While I obviously can't stop you from handling, I would still discourage it. Especially with a young child. Tarantulas are calm and handleable until the day they're not. And should your T one day get spooked and bolt, the T could easily get flung across the room and killed by a panicked hand flinging it off. The handling could potentially be the reason it's not eating or webbing yet.

Aside from that, perhaps you could post a picture of the actual enclosure? It might not be set up in a way that enables it to web. It sounds like you have a top opening enclosure, so the roof of the enclosure is already off limits for it, so you'd ideally need to have lots of foliage as close to the top as possible without touching it to encourage webbing that won't get destroyed with routine maintenance. 



mconnachan said:


> To me it looks like a MM you have, needless to say their priority now isn't food it's finding a mate, is he endlessly wandering around its enclosure, it's natural MM (Mature Male) behaviour, there's always  someone on the lookout for MM's - that's if you want him to help re-populate the hobby, he's looking really good. (Yes definitely a MM you have).


I originally thought that might be the case too, but you can just barely but clearly see the pink tips on the pedipalps, indicating that it's not mature (or at least not a mature male)

Reactions: Agree 2


----------



## mconnachan (Mar 4, 2018)

PidderPeets said:


> While I obviously can't stop you from handling, I would still discourage it. Especially with a young child. Tarantulas are calm and handleable until the day they're not. And should your T one day get spooked and bolt, the T could easily get flung across the room and killed by a panicked hand flinging it off. The handling could potentially be the reason it's not eating or webbing yet.
> 
> Aside from that, perhaps you could post a picture of the actual enclosure? It might not be set up in a way that enables it to web.

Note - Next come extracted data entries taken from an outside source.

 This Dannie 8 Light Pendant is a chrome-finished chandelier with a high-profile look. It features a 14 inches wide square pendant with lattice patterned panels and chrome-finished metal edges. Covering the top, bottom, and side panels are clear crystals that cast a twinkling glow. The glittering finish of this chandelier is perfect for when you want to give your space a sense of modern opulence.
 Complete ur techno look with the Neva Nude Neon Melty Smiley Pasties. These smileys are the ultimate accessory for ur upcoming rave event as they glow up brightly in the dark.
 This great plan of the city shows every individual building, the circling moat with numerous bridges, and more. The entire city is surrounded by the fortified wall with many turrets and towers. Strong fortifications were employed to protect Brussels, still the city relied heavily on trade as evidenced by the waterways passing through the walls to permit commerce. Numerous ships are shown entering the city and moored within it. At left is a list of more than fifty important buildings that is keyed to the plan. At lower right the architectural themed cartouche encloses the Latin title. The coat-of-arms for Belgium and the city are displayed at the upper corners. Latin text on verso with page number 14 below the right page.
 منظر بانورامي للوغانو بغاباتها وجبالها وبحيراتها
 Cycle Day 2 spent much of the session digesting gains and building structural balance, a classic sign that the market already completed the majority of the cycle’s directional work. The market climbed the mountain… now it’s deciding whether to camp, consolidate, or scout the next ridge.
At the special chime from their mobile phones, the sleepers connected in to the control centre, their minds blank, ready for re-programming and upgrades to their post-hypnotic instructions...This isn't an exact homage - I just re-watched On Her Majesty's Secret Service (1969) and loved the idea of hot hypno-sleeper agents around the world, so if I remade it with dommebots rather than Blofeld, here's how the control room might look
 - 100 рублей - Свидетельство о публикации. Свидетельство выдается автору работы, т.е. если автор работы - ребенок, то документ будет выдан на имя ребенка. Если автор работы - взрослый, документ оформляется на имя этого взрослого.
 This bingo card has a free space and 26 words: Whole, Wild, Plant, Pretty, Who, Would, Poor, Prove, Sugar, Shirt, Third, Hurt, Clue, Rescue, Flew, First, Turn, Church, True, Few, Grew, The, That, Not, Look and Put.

It sounds like you have a top opening enclosure, so the roof of the enclosure is already off limits for it, so you'd ideally need to have lots of foliage as close to the top as possible without touching it to encourage webbing that won't get destroyed with routine maintenance.
> 
> ...


They are the bulbous pedipalps, are we talking about the same spider in post #16 - if so, to the best of my knowledge it is a MM.


----------



## Krysta (Mar 4, 2018)

He’s webbing a lot he’s made his home with lots of webs he even made a bed that’s what he did when he molted he just hasn’t ate but he also had a molt two weeks so that’s probably the case I have a critter cage with the dirt that you buy from the pet store i forget what it’s called but I see a lot of people posting what I have at the bottom they like to climb so I got him a plant he does climb on and has webbed lol ... he has a log where he can hide also just like what others post so I do folllow everything and read a lot I knew he was a boy because when he had my I looked at the molted skin and seen he was a boy! But some people are saying he looks like a male or an mature male?


----------



## PidderPeets (Mar 4, 2018)

mconnachan said:


> They are the bulbous pedipalps, are we talking about the same spider in post #16 - if so, to the best of my knowledge it is a MM.


Yeah, we're talking about the same spider. I think the angle is just tricking your eyes. Female and immature male Avics have big puffy tipped pedipalps much like their front feet, so it could appear bulbous. Additionally, once a male matures, he loses the pink on his pedipalps, so it would just be solid black from above. I'm almost positive I'm seeing pink at the very tip of the palps.

For example, here's a picture of my molt confirmed female A. avic. From the angle, I could see someone mistaking her palps as being bulbous MM palps:



But there's an easy way to solve this. @Krysta, in addition to the enclosure pics, could you please also get a clear picture of the pedipalps so we can either confirm or deny it being a mature male? If it's mature, that would also explain the behavior.


----------



## PidderPeets (Mar 4, 2018)

Krysta said:


> He’s webbing a lot he’s made his home with lots of webs he even made a bed that’s what he did when he molted he just hasn’t ate but he also had a molt two weeks so that’s probably the case I have a critter cage with the dirt that you buy from the pet store i forget what it’s called but I see a lot of people posting what I have at the bottom they like to climb so I got him a plant he does climb on and has webbed lol ... he has a log where he can hide also just like what others post so I do folllow everything and read a lot I knew he was a boy because when he had my I looked at the molted skin and seen he was a boy! But some people are saying he looks like a male or an mature male?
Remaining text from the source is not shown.